* _INFORMATION SUPPLIED_:
──────────────────────────────

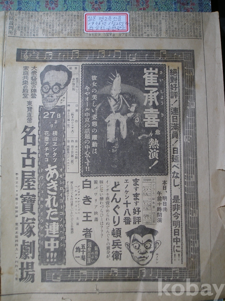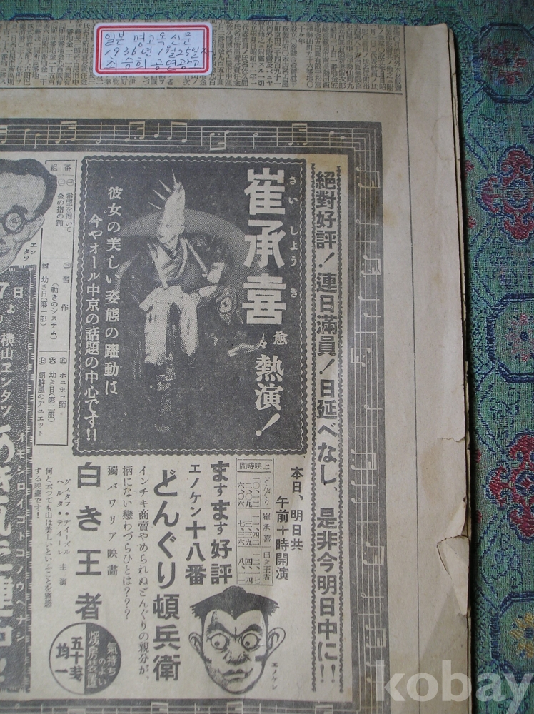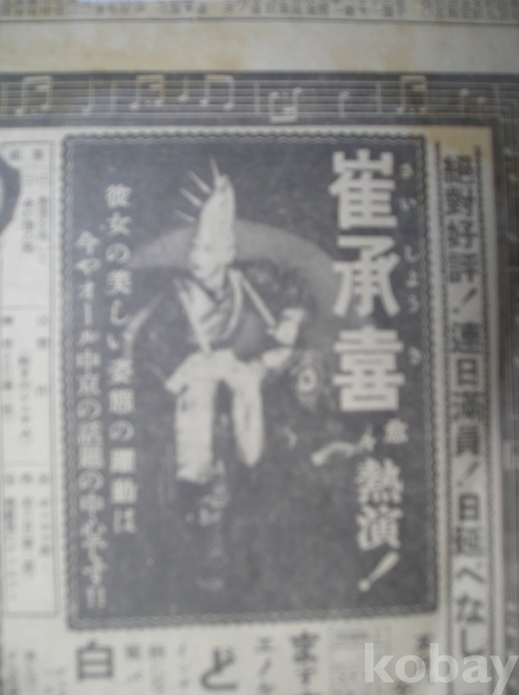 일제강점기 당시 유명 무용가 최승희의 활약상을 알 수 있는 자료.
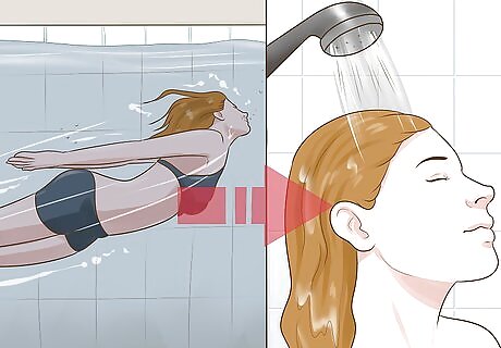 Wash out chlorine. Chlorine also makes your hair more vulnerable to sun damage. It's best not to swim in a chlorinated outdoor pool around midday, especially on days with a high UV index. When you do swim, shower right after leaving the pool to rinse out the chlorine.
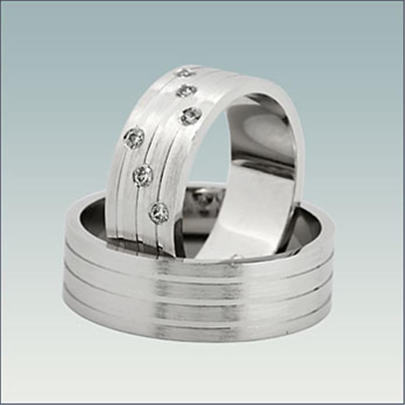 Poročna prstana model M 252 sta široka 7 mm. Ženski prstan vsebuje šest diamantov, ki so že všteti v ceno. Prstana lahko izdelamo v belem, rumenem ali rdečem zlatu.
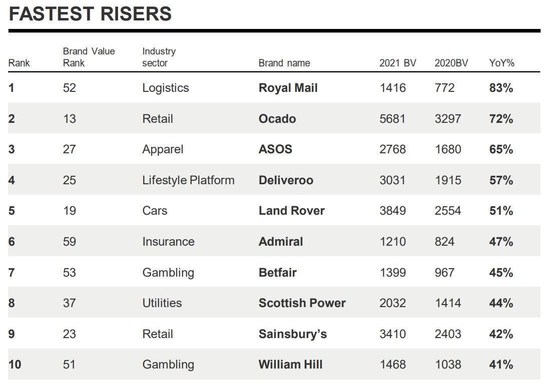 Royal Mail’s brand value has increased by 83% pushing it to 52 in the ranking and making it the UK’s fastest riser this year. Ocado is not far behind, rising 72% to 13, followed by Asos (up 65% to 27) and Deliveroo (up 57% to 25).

──────────────────────────────

* _WHAT YOU NEED TO DO_: Return the lines from the one that contains "Wash out chlorine." through the final line of the listing above, inclusive. Transcribe them exactly and drop the pictures.

* _TASK SOLUTION_:
 Wash out chlorine. Chlorine also makes your hair more vulnerable to sun damage. It's best not to swim in a chlorinated outdoor pool around midday, especially on days with a high UV index. When you do swim, shower right after leaving the pool to rinse out the chlorine.
 Poročna prstana model M 252 sta široka 7 mm. Ženski prstan vsebuje šest diamantov, ki so že všteti v ceno. Prstana lahko izdelamo v belem, rumenem ali rdečem zlatu.
 Royal Mail’s brand value has increased by 83% pushing it to 52 in the ranking and making it the UK’s fastest riser this year. Ocado is not far behind, rising 72% to 13, followed by Asos (up 65% to 27) and Deliveroo (up 57% to 25).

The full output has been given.